Writing gene-related data failed
Closed this issue · 3 comments
Hi, first of all, thanks for creating and supporting this amazing software, it's been very helpful so far.
I am doing a pangenome from several E. coli strains we have sequenced in our lab. I got their annotation using bakta with the latest complete db (5.1), and then fed these annotations to the complete workflow:
ppanggolin all --anno genomes.gbff.txt --output ppanggolin_results -c 2 --verbose 2 -f
However, when it comes to writing all gene-data in the h5f file I'm getting an error related to the object class:
Traceback (most recent call last):
File "tables/tableextension.pyx", line 1676, in tables.tableextension.Row.__setitem__
TypeError
During handling of the above exception, another exception occurred:
Traceback (most recent call last):
File "/rds/general/user/dmarti14/home/anaconda3/envs/ppanggo/bin/ppanggolin", line 10, in <module>
sys.exit(main())
File "/rds/general/user/dmarti14/home/anaconda3/envs/ppanggo/lib/python3.10/site-packages/ppanggolin/main.py", line 219, in main
ppanggolin.workflow.all.launch(args)
File "/rds/general/user/dmarti14/home/anaconda3/envs/ppanggo/lib/python3.10/site-packages/ppanggolin/workflow/all.py", line 288, in launch
launch_workflow(args, panrgp=True, panmodule=True)

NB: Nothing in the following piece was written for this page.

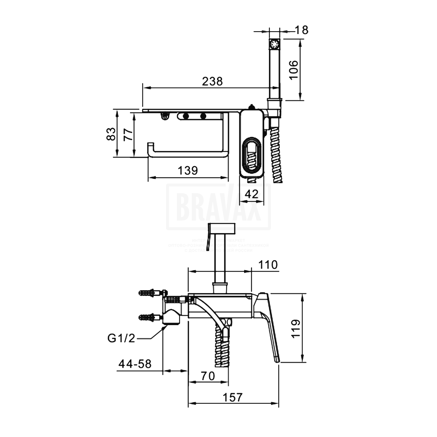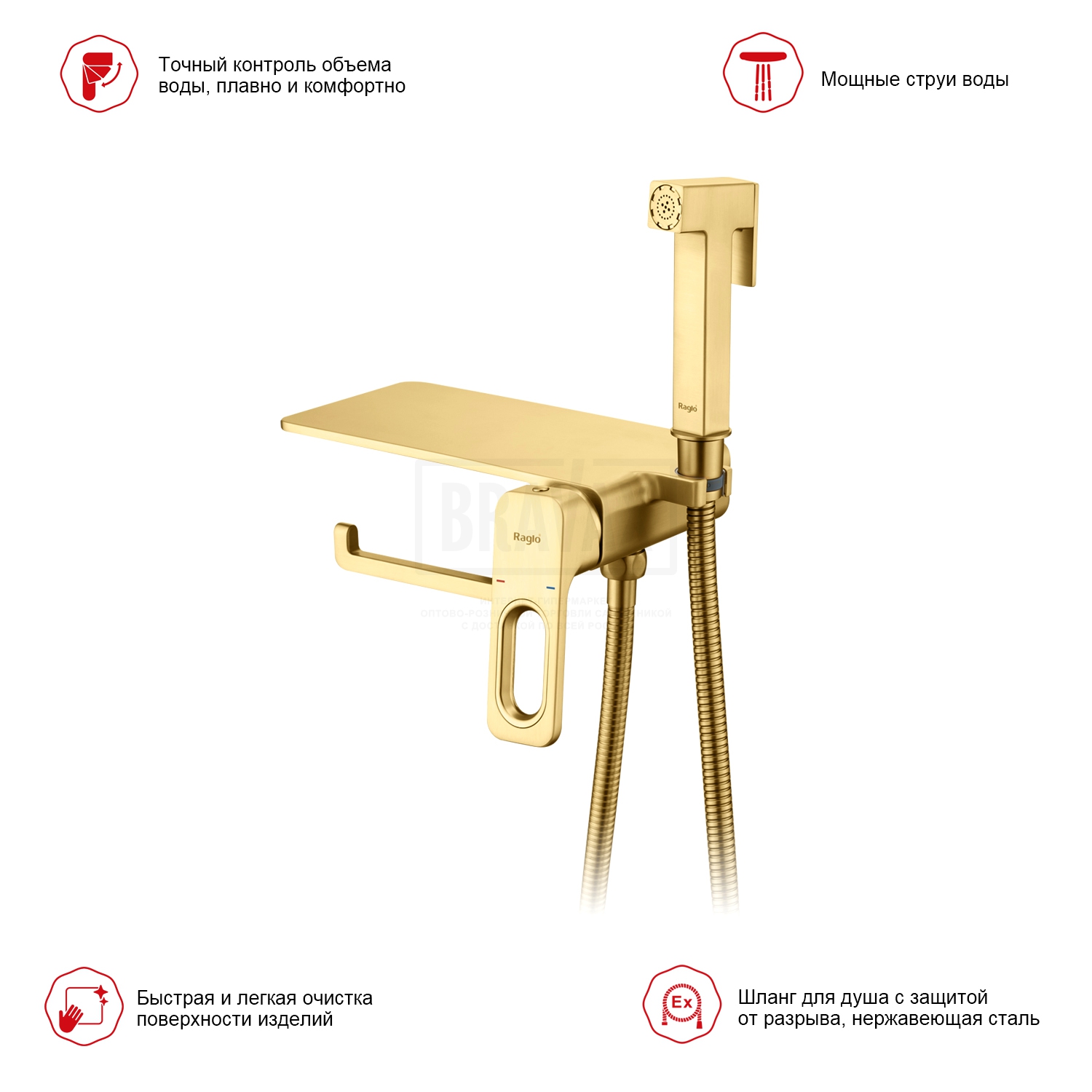 В комплектес гигиеническим душем, держатель лейки, Душевой шланг 120 см, комплект эксцентриков, комплект отражателей

File "/rds/general/user/dmarti14/home/anaconda3/envs/ppanggo/lib/python3.10/site-packages/ppanggolin/workflow/all.py", line 61, in launch_workflow
write_pangenome(pangenome, filename, args.force, disable_bar=args.disable_prog_bar)

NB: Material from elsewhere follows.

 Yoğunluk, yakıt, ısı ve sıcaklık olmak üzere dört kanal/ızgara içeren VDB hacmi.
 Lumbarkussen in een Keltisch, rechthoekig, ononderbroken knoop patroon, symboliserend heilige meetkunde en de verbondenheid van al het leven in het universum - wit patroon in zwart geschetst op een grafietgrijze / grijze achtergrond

File "/rds/general/user/dmarti14/home/anaconda3/envs/ppanggo/lib/python3.10/site-packages/ppanggolin/formats/writeBinaries.py", line 711, in write_pangenome
write_annotations(pangenome, h5f, disable_bar=disable_bar)
File "/rds/general/user/dmarti14/home/anaconda3/envs/ppanggo/lib/python3.10/site-packages/ppanggolin/formats/writeAnnotations.py", line 342, in write_annotations
write_genedata(pangenome, h5f, annotation, genedata2gene, disable_bar)
File "/rds/general/user/dmarti14/home/anaconda3/envs/ppanggo/lib/python3.10/site-packages/ppanggolin/formats/writeAnnotations.py", line 309, in write_genedata
genedata_row["name"] = genedata.name
File "tables/tableextension.pyx", line 1681, in tables.tableextension.Row.__setitem__
TypeError: invalid type (<class 'str'>) for column ``name``
/rds/general/user/dmarti14/home/anaconda3/envs/ppanggo/lib/python3.10/site-packages/tables/file.py:113: UnclosedFileWarning:
Closing remaining open file: ppanggolin_results/pangenome.h5
Here is the complete output from the run.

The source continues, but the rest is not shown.